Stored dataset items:
________

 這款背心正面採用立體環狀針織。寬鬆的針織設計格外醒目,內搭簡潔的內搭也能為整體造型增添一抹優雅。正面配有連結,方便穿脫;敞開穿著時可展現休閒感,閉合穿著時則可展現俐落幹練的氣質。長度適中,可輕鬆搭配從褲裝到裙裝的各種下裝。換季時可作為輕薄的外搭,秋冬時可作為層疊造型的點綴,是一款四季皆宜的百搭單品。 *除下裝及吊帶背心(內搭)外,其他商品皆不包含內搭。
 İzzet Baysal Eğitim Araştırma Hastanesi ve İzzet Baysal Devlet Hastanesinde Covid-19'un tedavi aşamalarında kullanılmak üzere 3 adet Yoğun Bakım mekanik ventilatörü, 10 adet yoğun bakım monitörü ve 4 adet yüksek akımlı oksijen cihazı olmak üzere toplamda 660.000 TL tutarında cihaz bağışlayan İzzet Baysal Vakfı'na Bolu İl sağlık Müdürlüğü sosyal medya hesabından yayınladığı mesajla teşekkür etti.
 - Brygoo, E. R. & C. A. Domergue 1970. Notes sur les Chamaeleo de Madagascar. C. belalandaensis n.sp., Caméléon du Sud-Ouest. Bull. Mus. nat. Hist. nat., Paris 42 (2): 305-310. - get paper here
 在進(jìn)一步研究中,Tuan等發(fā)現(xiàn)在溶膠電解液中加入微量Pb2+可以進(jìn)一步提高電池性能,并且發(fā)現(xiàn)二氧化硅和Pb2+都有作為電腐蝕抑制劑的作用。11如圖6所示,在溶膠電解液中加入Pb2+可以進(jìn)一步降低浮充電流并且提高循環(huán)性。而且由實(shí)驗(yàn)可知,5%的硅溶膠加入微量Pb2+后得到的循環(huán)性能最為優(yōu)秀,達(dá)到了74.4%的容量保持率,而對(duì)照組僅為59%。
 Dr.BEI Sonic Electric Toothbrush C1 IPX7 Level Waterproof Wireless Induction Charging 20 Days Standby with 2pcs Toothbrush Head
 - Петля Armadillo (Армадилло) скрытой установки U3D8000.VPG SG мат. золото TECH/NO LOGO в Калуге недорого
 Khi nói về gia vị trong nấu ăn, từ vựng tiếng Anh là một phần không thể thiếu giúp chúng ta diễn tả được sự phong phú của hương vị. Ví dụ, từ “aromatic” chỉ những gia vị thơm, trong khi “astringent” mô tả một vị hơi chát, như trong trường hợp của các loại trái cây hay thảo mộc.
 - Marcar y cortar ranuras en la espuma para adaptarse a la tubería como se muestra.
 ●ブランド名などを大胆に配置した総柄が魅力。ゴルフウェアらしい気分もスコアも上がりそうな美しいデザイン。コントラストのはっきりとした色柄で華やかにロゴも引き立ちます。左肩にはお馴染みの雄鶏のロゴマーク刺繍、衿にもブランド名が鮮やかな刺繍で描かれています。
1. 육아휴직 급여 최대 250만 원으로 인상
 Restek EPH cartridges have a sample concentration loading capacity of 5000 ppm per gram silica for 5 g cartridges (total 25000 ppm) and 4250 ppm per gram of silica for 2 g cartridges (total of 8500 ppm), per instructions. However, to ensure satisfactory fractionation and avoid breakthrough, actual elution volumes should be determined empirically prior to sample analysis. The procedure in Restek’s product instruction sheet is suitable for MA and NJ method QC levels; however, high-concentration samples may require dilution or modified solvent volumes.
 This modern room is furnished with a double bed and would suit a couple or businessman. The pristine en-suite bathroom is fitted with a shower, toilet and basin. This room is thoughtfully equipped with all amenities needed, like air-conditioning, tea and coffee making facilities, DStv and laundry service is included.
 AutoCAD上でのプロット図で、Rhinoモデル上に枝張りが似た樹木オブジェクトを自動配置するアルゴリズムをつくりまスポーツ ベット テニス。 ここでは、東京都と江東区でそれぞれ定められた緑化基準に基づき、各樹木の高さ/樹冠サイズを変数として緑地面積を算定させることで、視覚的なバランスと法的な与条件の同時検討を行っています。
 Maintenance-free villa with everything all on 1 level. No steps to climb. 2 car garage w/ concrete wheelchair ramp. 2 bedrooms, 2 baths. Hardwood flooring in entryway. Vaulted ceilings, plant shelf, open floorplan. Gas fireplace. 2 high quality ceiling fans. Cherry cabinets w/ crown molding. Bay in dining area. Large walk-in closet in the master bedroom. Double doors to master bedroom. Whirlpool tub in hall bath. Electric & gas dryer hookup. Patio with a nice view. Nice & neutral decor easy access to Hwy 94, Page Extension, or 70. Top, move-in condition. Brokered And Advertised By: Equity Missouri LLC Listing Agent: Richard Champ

________

Nothing in the data may be left out; copy every line exactly.

 這款背心正面採用立體環狀針織。寬鬆的針織設計格外醒目,內搭簡潔的內搭也能為整體造型增添一抹優雅。正面配有連結,方便穿脫;敞開穿著時可展現休閒感,閉合穿著時則可展現俐落幹練的氣質。長度適中,可輕鬆搭配從褲裝到裙裝的各種下裝。換季時可作為輕薄的外搭,秋冬時可作為層疊造型的點綴,是一款四季皆宜的百搭單品。 *除下裝及吊帶背心(內搭)外,其他商品皆不包含內搭。
 İzzet Baysal Eğitim Araştırma Hastanesi ve İzzet Baysal Devlet Hastanesinde Covid-19'un tedavi aşamalarında kullanılmak üzere 3 adet Yoğun Bakım mekanik ventilatörü, 10 adet yoğun bakım monitörü ve 4 adet yüksek akımlı oksijen cihazı olmak üzere toplamda 660.000 TL tutarında cihaz bağışlayan İzzet Baysal Vakfı'na Bolu İl sağlık Müdürlüğü sosyal medya hesabından yayınladığı mesajla teşekkür etti.
 - Brygoo, E. R. & C. A. Domergue 1970. Notes sur les Chamaeleo de Madagascar. C. belalandaensis n.sp., Caméléon du Sud-Ouest. Bull. Mus. nat. Hist. nat., Paris 42 (2): 305-310. - get paper here
 在進(jìn)一步研究中,Tuan等發(fā)現(xiàn)在溶膠電解液中加入微量Pb2+可以進(jìn)一步提高電池性能,并且發(fā)現(xiàn)二氧化硅和Pb2+都有作為電腐蝕抑制劑的作用。11如圖6所示,在溶膠電解液中加入Pb2+可以進(jìn)一步降低浮充電流并且提高循環(huán)性。而且由實(shí)驗(yàn)可知,5%的硅溶膠加入微量Pb2+后得到的循環(huán)性能最為優(yōu)秀,達(dá)到了74.4%的容量保持率,而對(duì)照組僅為59%。
 Dr.BEI Sonic Electric Toothbrush C1 IPX7 Level Waterproof Wireless Induction Charging 20 Days Standby with 2pcs Toothbrush Head
 - Петля Armadillo (Армадилло) скрытой установки U3D8000.VPG SG мат. золото TECH/NO LOGO в Калуге недорого
 Khi nói về gia vị trong nấu ăn, từ vựng tiếng Anh là một phần không thể thiếu giúp chúng ta diễn tả được sự phong phú của hương vị. Ví dụ, từ “aromatic” chỉ những gia vị thơm, trong khi “astringent” mô tả một vị hơi chát, như trong trường hợp của các loại trái cây hay thảo mộc.
 - Marcar y cortar ranuras en la espuma para adaptarse a la tubería como se muestra.
 ●ブランド名などを大胆に配置した総柄が魅力。ゴルフウェアらしい気分もスコアも上がりそうな美しいデザイン。コントラストのはっきりとした色柄で華やかにロゴも引き立ちます。左肩にはお馴染みの雄鶏のロゴマーク刺繍、衿にもブランド名が鮮やかな刺繍で描かれています。
1. 육아휴직 급여 최대 250만 원으로 인상
 Restek EPH cartridges have a sample concentration loading capacity of 5000 ppm per gram silica for 5 g cartridges (total 25000 ppm) and 4250 ppm per gram of silica for 2 g cartridges (total of 8500 ppm), per instructions. However, to ensure satisfactory fractionation and avoid breakthrough, actual elution volumes should be determined empirically prior to sample analysis. The procedure in Restek’s product instruction sheet is suitable for MA and NJ method QC levels; however, high-concentration samples may require dilution or modified solvent volumes.
 This modern room is furnished with a double bed and would suit a couple or businessman. The pristine en-suite bathroom is fitted with a shower, toilet and basin. This room is thoughtfully equipped with all amenities needed, like air-conditioning, tea and coffee making facilities, DStv and laundry service is included.
 AutoCAD上でのプロット図で、Rhinoモデル上に枝張りが似た樹木オブジェクトを自動配置するアルゴリズムをつくりまスポーツ ベット テニス。 ここでは、東京都と江東区でそれぞれ定められた緑化基準に基づき、各樹木の高さ/樹冠サイズを変数として緑地面積を算定させることで、視覚的なバランスと法的な与条件の同時検討を行っています。
 Maintenance-free villa with everything all on 1 level. No steps to climb. 2 car garage w/ concrete wheelchair ramp. 2 bedrooms, 2 baths. Hardwood flooring in entryway. Vaulted ceilings, plant shelf, open floorplan. Gas fireplace. 2 high quality ceiling fans. Cherry cabinets w/ crown molding. Bay in dining area. Large walk-in closet in the master bedroom. Double doors to master bedroom. Whirlpool tub in hall bath. Electric & gas dryer hookup. Patio with a nice view. Nice & neutral decor easy access to Hwy 94, Page Extension, or 70. Top, move-in condition. Brokered And Advertised By: Equity Missouri LLC Listing Agent: Richard Champ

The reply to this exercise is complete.